**** RECORDED DATA ****

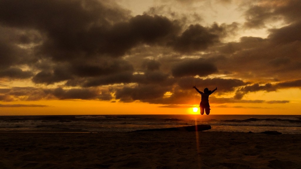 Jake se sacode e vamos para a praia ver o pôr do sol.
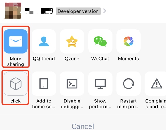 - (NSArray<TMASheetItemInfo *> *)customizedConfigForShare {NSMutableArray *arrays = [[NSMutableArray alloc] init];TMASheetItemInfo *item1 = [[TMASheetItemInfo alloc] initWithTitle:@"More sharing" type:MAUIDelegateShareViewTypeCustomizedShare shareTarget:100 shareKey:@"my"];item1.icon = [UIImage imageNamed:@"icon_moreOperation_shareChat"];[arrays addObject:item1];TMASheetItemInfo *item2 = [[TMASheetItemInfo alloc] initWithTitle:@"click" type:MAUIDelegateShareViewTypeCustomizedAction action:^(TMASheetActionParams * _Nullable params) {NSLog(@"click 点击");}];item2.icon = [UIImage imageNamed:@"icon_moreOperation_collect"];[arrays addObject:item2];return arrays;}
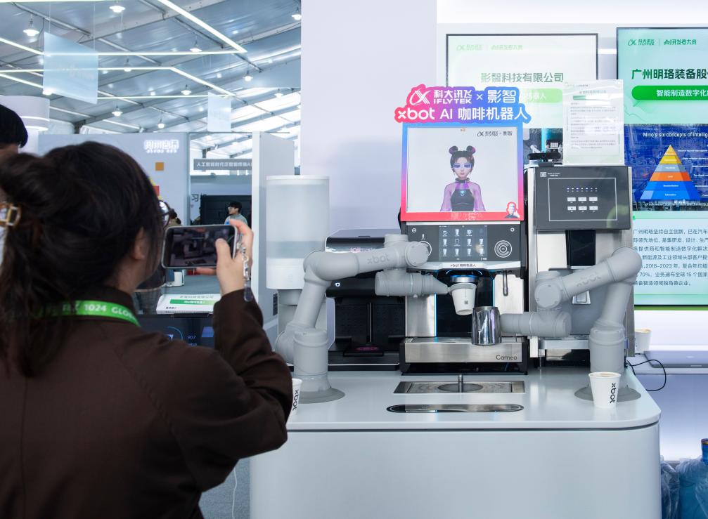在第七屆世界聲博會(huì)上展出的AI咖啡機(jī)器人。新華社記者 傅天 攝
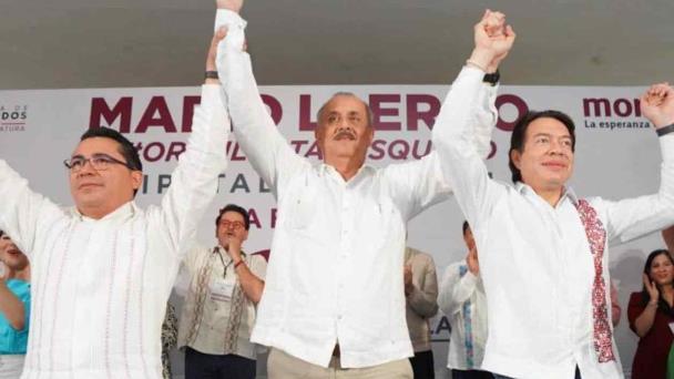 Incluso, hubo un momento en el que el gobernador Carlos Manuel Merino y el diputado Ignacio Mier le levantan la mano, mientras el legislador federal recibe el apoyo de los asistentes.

****

WHAT YOU WILL DO
Please reproduce all the material exactly. Pictures stay out of the copy.

COMPLETED EXERCISE
 Jake se sacode e vamos para a praia ver o pôr do sol.
 - (NSArray<TMASheetItemInfo *> *)customizedConfigForShare {NSMutableArray *arrays = [[NSMutableArray alloc] init];TMASheetItemInfo *item1 = [[TMASheetItemInfo alloc] initWithTitle:@"More sharing" type:MAUIDelegateShareViewTypeCustomizedShare shareTarget:100 shareKey:@"my"];item1.icon = [UIImage imageNamed:@"icon_moreOperation_shareChat"];[arrays addObject:item1];TMASheetItemInfo *item2 = [[TMASheetItemInfo alloc] initWithTitle:@"click" type:MAUIDelegateShareViewTypeCustomizedAction action:^(TMASheetActionParams * _Nullable params) {NSLog(@"click 点击");}];item2.icon = [UIImage imageNamed:@"icon_moreOperation_collect"];[arrays addObject:item2];return arrays;}
在第七屆世界聲博會(huì)上展出的AI咖啡機(jī)器人。新華社記者 傅天 攝
 Incluso, hubo un momento en el que el gobernador Carlos Manuel Merino y el diputado Ignacio Mier le levantan la mano, mientras el legislador federal recibe el apoyo de los asistentes.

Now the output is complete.